We spoke to John Cragg, Director of Strategic Partnerships at Utimaco about the role of Hardware Security Modules (HSM) as part of digital signature solutions, what eIDAS 2 looks like and digital trust.
How do HSMs enable digital signatures?
Nobody ever goes looking for a HSM specifically, they are looking for a secure solution. Utimaco’s eIDAS 419221-5 solution was engineered to include an HSM to ensure the highest level of security. A typical enterprise will have a farm of these boxes serving many different applications including key management, generation and control of keys.
eIDAS is somewhat different as it has to include the software operating within the HSM to ensure the security of the signature and the authenticity is kept and managed within the FIPS boundary of the secure solution.
Whilst HSMs are used for many applications, in some implementations of eIDAS there needs to be dedicated units. For most enterprises it comes down to how they value their reputation, the data that they control and other business objectives. Any organisation who puts a high value on its reputation, data and client information should be using this level of security for all their data, including signatures.
We have a saying in our business, “software security is soft security”.
Trust is being discussed in relation to signatures and HSMs. How is that trust built from an Utimaco point of view?
eIDAS is a perfect example of trust. The process of developing the solution started with all interested parties getting together to devise a European standard that everyone could accept as a truly trusted solution. A typical digital trust solution will involve anywhere from three to six or more vendors, different parts of solution that come together to create that product that the customer wants to buy.
The beauty of the eIDAS solution is that it was built from the bottom up. It took many years to devise a truly end-to-end secure e-signing solution that banks, governments high-trust organisations have bought into and accept as an authentic, trusted, secure solution under law.
We’re increasingly seeing eIDAS-like laws in other world regions, why do you think that is?
I just think if there has been this amount of time, money and expertise spent on devising a system that’s accepted across the European Union why would you want to go and reinvent the wheel? It may not be called eIDAS and it may not be exactly the same but it is a truly secure system for cross-border signatures and authenticity. For me, I think it should be adopted everywhere.
What about eIDAS 2 and discussions around digital identity?
Current credit cards with a chip have the potential to be exploited. You can put so much on a chip – your whole history and identity. And most people have more than one of these cards in their wallet.
It’s the same with eIDAS. There are discussions around eIDAS wallets, so why can’t we put everything in one place? Then everything we do in the digital world, that identity is proven. It’s substantial, it’s secure and it’s accepted everywhere. Depending on how the market responds to it, it could become everything we need.
Are you still seeing a drive from governments and other institutions for digital transformation initiatives?
Digital transformation is being driven from less digitally advanced regions who leapfrog the older, more established regions like the UK.
When you have an infrastructure like the UK banking system which has been around for so many years, they are more reluctant to adopt technologies. They are content with existing systems and don’t want the expense of introducing new solutions so are much slower to appreciate the value and benefits of new technologies. This is one of the reasons why the government brought in e-banking after the financial crash, to try and force the evolution to happen quicker and allow smaller challenger banks to come onto the scene.

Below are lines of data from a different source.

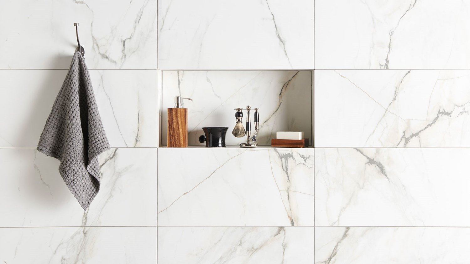 - Sa taille - c'est plus flagrant au sol, mais au mur on peut aussi jouer la carte de l'originalité grâce à la taille du revêtement. Le petit format, on le connait avec la mosaïque par exemple. Elle est souvent vendue en filet pour faciliter la pose. Le très grand format est plus rare parce que sa pose est plus délicate. (Mieux vaut faire appel à un pro). Et pour certaines matières / motifs comme l'effet marbre, c'est plus esthétique de l'avoir en grand format!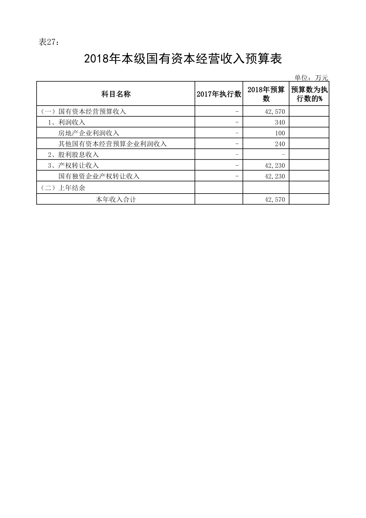 2018年,我区首次编制国有资本经营预算,全年国有资本经营收入预算为4.26亿元,包括:上缴利润收入340万元;国有产权转让收入4.22亿元,主要为房屋产权转让收入。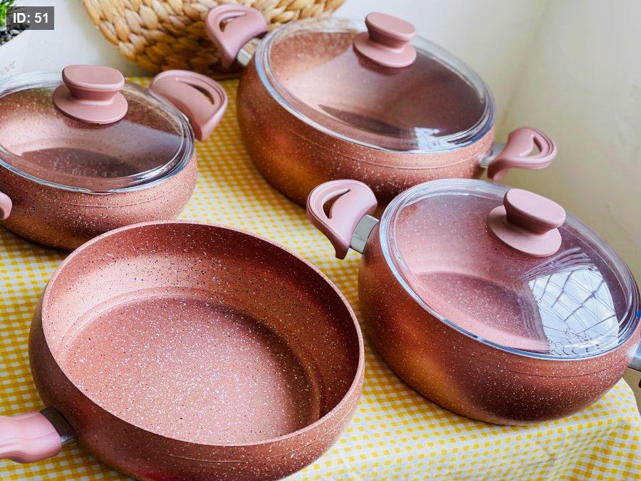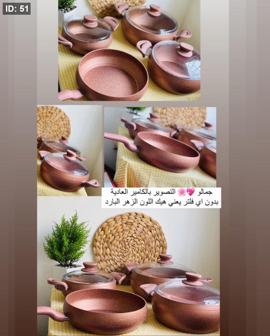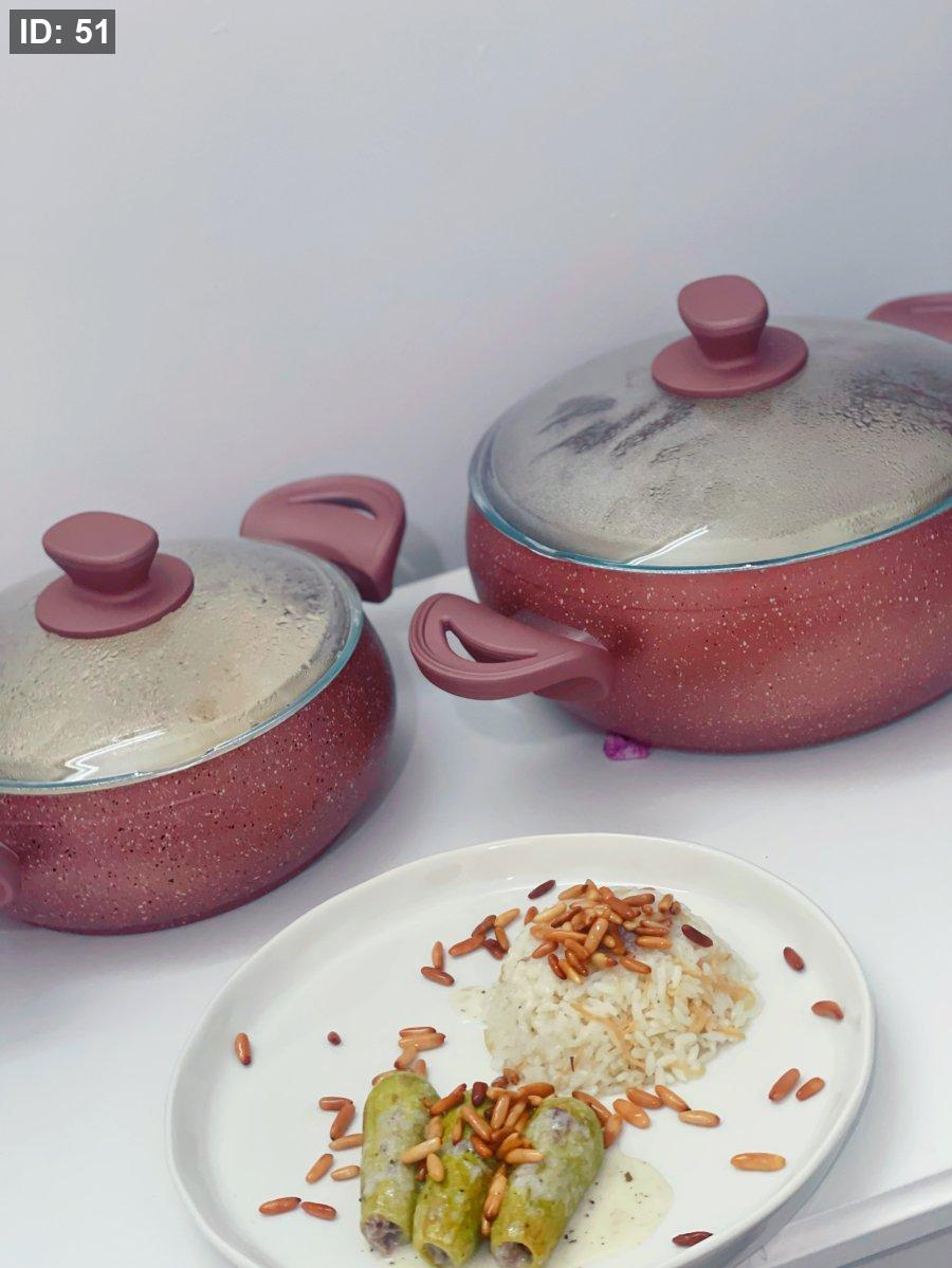مكون من طنجرة مقاس ٢٦ وطنجرة ٢٤ وطنجرة ٢٠ ومقلاة عميقة ٢٦ سم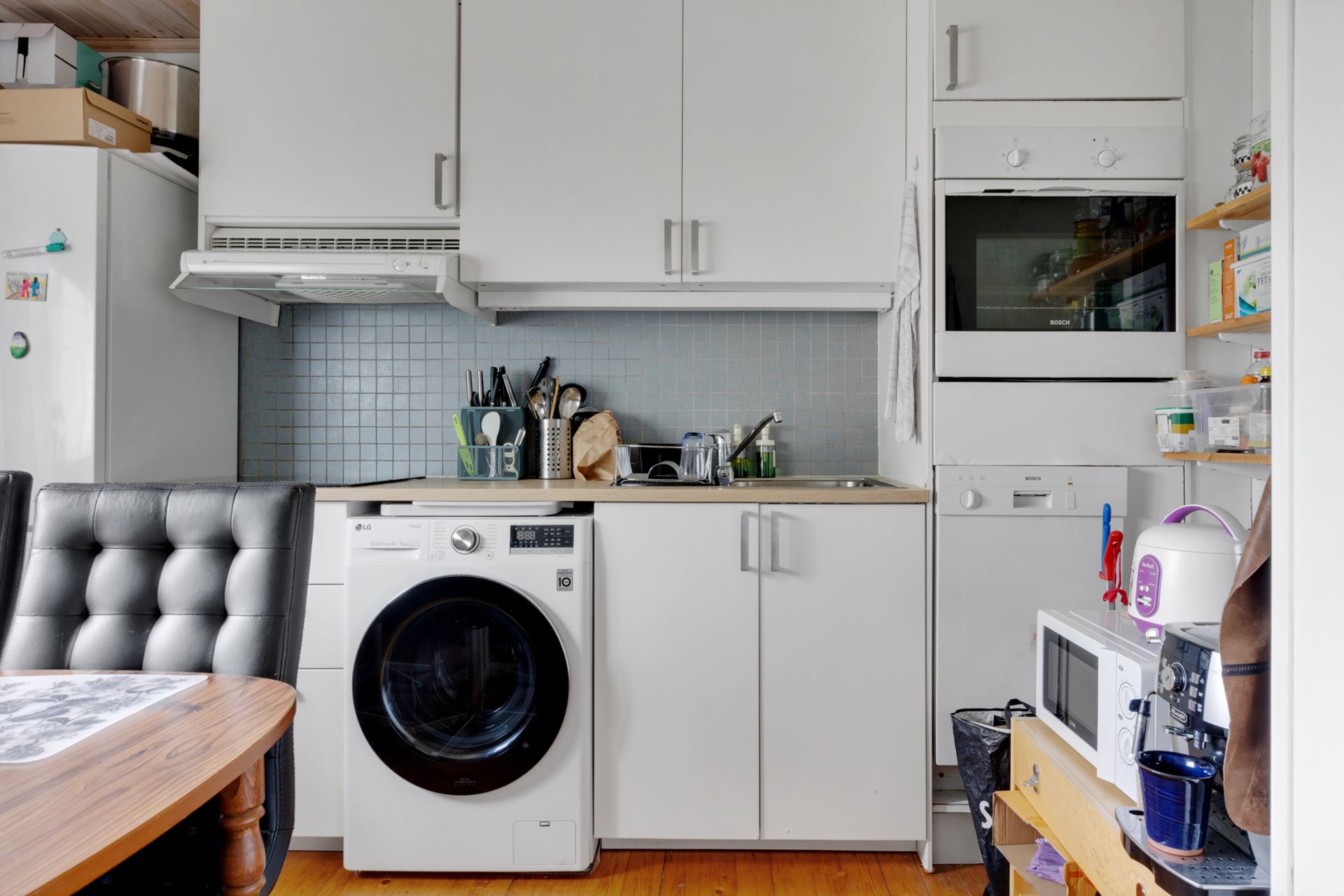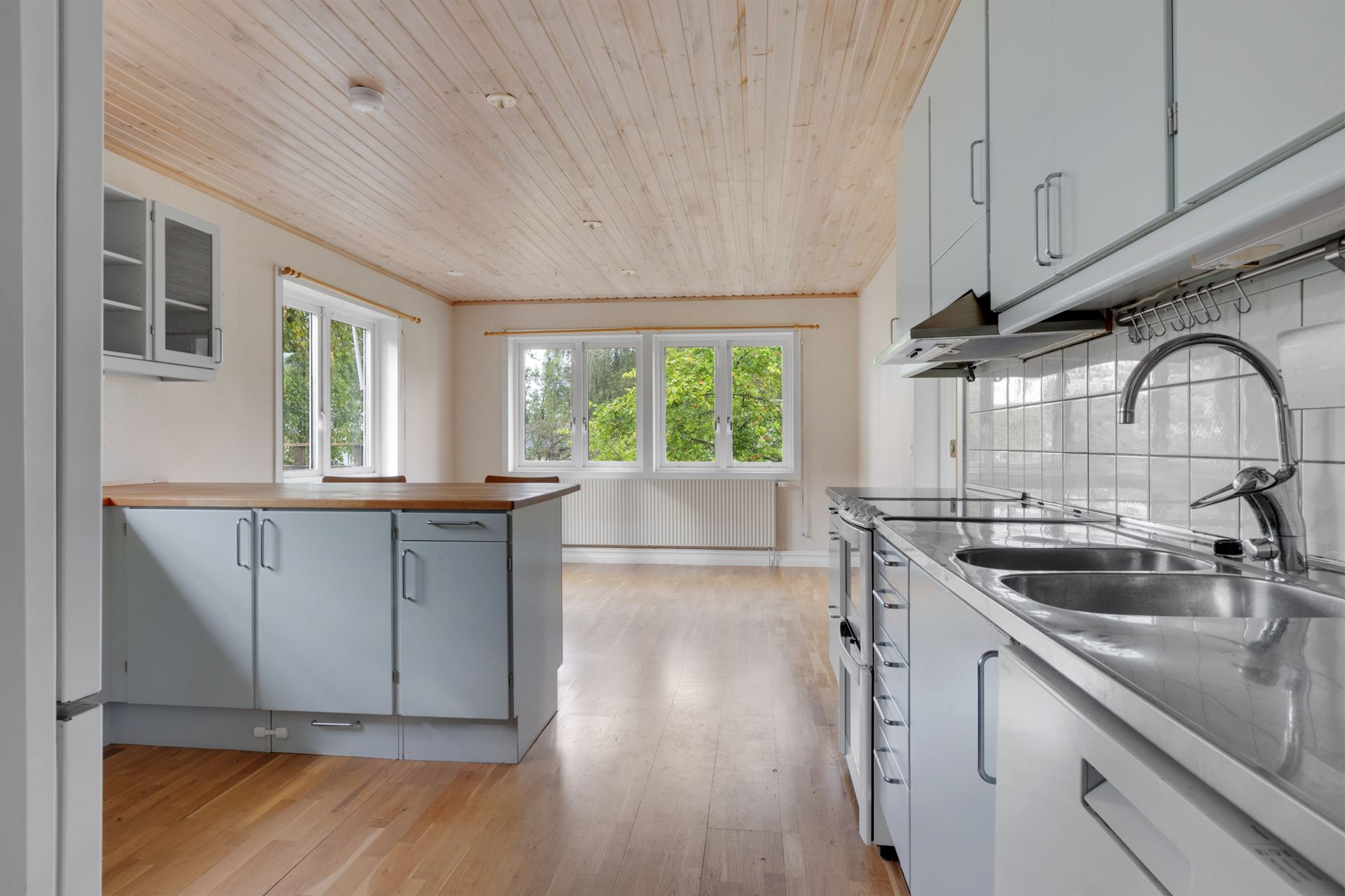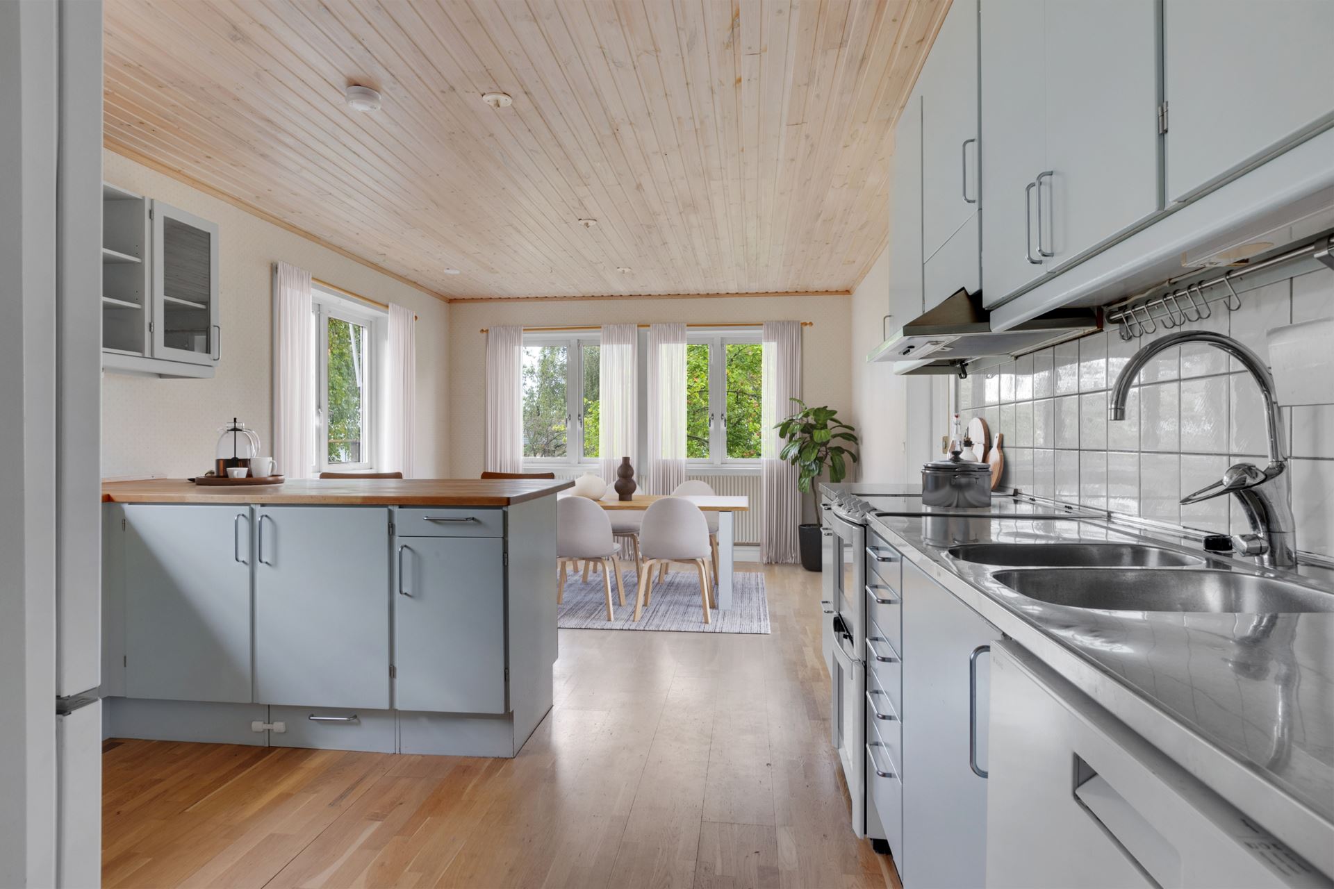 Stort, praktiskt och charmigt kök med gott om arbetsyta och förvaring. Köksluckorna målades om 2018i en harmonisk ton och generösa bänkskivor i trä som slipades upp 2025. Ljusinsläpp från två håll skapar en härlig atmosfär för både vardagsmatlagning och sociala middagar. Rummet har öppen planlösning mot matplats vilket ger en luftig känsla.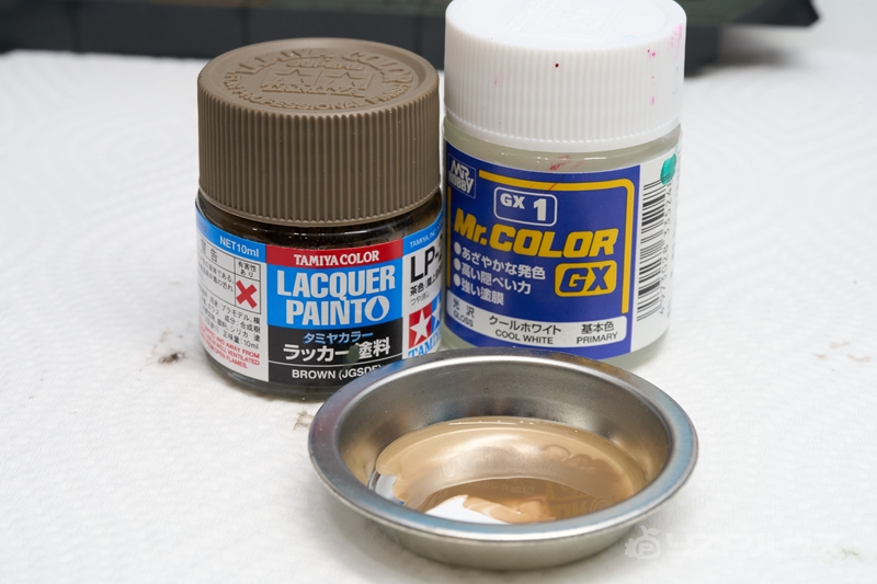 使用するのは、タミヤのスミ入れ塗料「ダークブラウン」をエナメル溶剤で希釈したものです。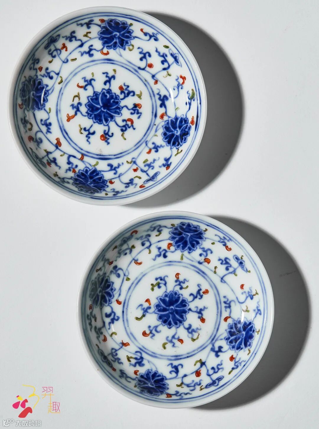 LOT223 民国 青花加彩缠枝莲纹盘一对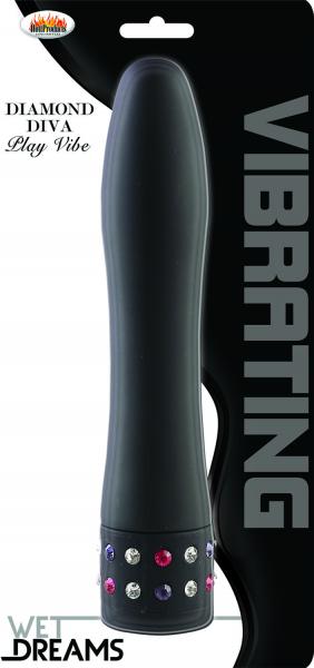 Diamond Diva Play Vibe Black from Hott Products. Traditional style vibrator with faux diamond on the bottom of the vibrator. Features: one changeable batteries included. 3 speed powerful motor. Waterproof vibrations. Phthalate free materials soft touch ABS plastic with polyurethane PU coasting.

And with eIDAS, it wasn’t the likes of Germany or the UK or France, it was countries in South-eastern Europe. This is because countries in this region needed to build new infrastructures so they turned to the latest technology, which is eIDAS. Whereas in the USA, uptake has been slower as national adoption can be a little more complicated to implement.
With the growth of cloud, and the digitalisation of the world, we should be looking to make it secure, to make sure e-commerce works properly and to underpin our identity. Identity theft is a real problem and the eIDAS wallet is a way of stopping that happening.
Where do you see the relationship with CREAplus, Utimaco and Ascertia going in future?
It takes close collaboration between the application vendor and HSM vendor, especially in the eIDAS world where the whole solution needs to be certified. Both teams need to work closely together to ensure success - not just the initial certification but the ongoing support, evolution and development of the solution. So it’s really important that Ascertia and Utimaco work closely at that level.
When you look at CREAplus they’re not only the go-to market partner but they themselves have significant expertise and a professional services team who can support the end user to choose the right solution and implement it with input from Ascertia and Utimaco.
I think the three organisations are hugely complimentary, they make an excellent team in taking the solution to market and we’ve proven that in many implementations. We can install leading-edge solutions and support customers through the choice, the decision making, the implementation and the ongoing support.